Christianity is a global and multicultural reality today. The diversity of practices and voices in the church worldwide are a gift that can help the church to become more broadly catholic (in the theological sense) and ecumenical as it brings together insights from varied social and cultural contexts. This should result in a church that is more faithful to its evangelical calling in presenting the Good News of Jesus Christ in particular contexts, and that is also more fervently charismatic, learning to discern where the Spirit is leading and how the Spirit is empowering the people of God in ever new situations.

The growth of theological reflection in the Southern Regions has led to the widely shared awareness that theology is always contextual. It is contextual because it is shaped by the Christian practices, cultural patterns, and social contexts in which it is developed. Indeed, it should be contextual, because we are called to discern how God relates to these different environments, how the message of Jesus is Good News in relation to various contextual challenges, and because we need to discern how the Spirit of Christ is working in both old and new ways.

Through new theological voices from the Majority World, it has become clearer than before that Western theologies are equally contextual: they have strongly focussed on challenges raised by Western modernity and more recently postmodernity. While these responses have sometimes been creative and constructive, at other times they have been fatally compromised. The emancipation of fresh theological voices allows for new opportunities to grow towards a ‘new catholicity’ in which different voices within the worldwide church help each of us to be faithful to our Christian callings and yet creatively and critically relevant in the particular contexts to which we are called.

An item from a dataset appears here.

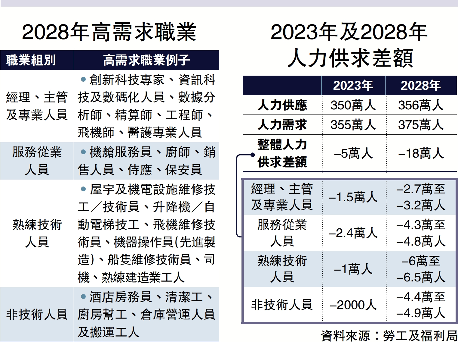 香港人口老化進一步擴大勞動人口缺口。政府公布本港最新的人力推算報告,指出本港勞動力求過於供,預計人力缺口由2023年的5萬,擴大至2028年18萬人,五年間擴大約三倍,其中最缺乏的是熟練技術人員,達6萬至6.5萬人,佔比逾三分之一,包括機電設施維修技工、建造業工人、司機等,政府表示會持續適度引入勞工以及加強本地培訓。

There is growing awareness that the point of gravity of Christianity is moving to the majority world and that all Christian theology is contextually embedded. Yet, these insights are only gradually influencing the way we study theology and shape Christian practices and mission. Theological education and research is still largely shaped by western voices and western methods, not only in the North Atlantic world, but also in Africa and other southern continents. Theological voices from the South are often relegated to special courses in ‘contextual theology’, ‘intercultural theology’, or ‘African theology’ as if Western theology is contextless, and as if the way in which the Western context has shaped the dominant voices in theology is unproblematic. This is partly because understandings of what constitutes academic exegesis, proper systematic reflection, and appropriate practical theological research are still dominated by Western models. Another major limiting factor is that theological voices from the South are often still hard to find and access. Library catalogues, theological encyclopaedias, and online search tools are often dominated by western perspectives, and their contents selected according to Western academic criteria - even when voices from the South are included.

It is our vision that this website will make theological sources from the Global South more easily accessible by providing online bibliographies, bibliographical encyclopaedia articles, an Internet portal, and additional supporting materials. We start this larger vision by developing this bi-lingual website (French and English) that focusses on resources from sub-Saharan Africa, but it is our vision that in due time, and by working with the appropriate partners, the website will also cover other regions in the Global South.